WHAT YOU NEED TO DO:
Please set down, unchanged, each line from the one with "Trong đó xxx.xxx.xxx.xxx  là" to the final line of the data below, both included. Drop the pictures.

Excerpts from a dataset:
══════════

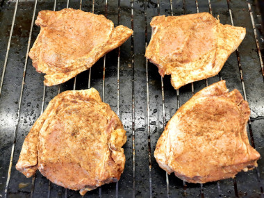 Выложите подготовленную корейку на кости на решетку, а снизу подставьте противень, для стекания жидкости и жира. Поставьте в духовку, предварительно разогретую до 210 градусов, на 40-45 минут. Ориентируйтесь по своей духовке.
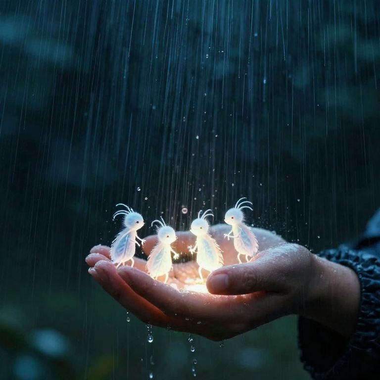 Photograph of a hand in rain, glowing white fairy-like creatures surrounding a bright, illuminated center, dark blurred background.
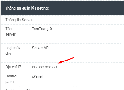 Trong đó xxx.xxx.xxx.xxx  là IP hosting đã lấy ở trên.
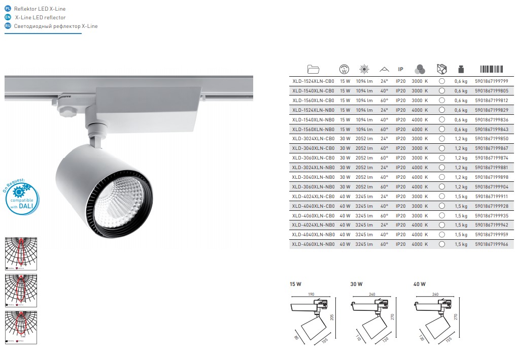Светодиодный трековый светильник GTV X-LINE, предназначенный для установки на шинопровод. Светильник выполнен в корпусе из алюминия в белом цвете. • Цветовая температура: 3000K (тёплый белый) • Световой поток: 2052Лм (источник света на 30Вт) • Угол рассеивания света: 60°
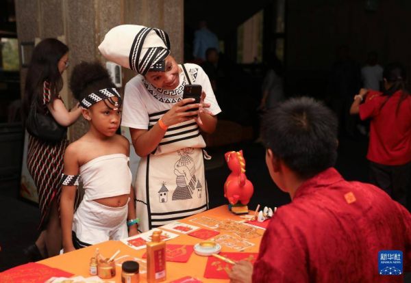 2月13日,在位于南非比勒陀利亚的南非国家剧院,人们体验中国文化。

══════════

SOLUTION FOR THIS PROBLEM:
 Trong đó xxx.xxx.xxx.xxx  là IP hosting đã lấy ở trên.
Светодиодный трековый светильник GTV X-LINE, предназначенный для установки на шинопровод. Светильник выполнен в корпусе из алюминия в белом цвете. • Цветовая температура: 3000K (тёплый белый) • Световой поток: 2052Лм (источник света на 30Вт) • Угол рассеивания света: 60°
 2月13日,在位于南非比勒陀利亚的南非国家剧院,人们体验中国文化。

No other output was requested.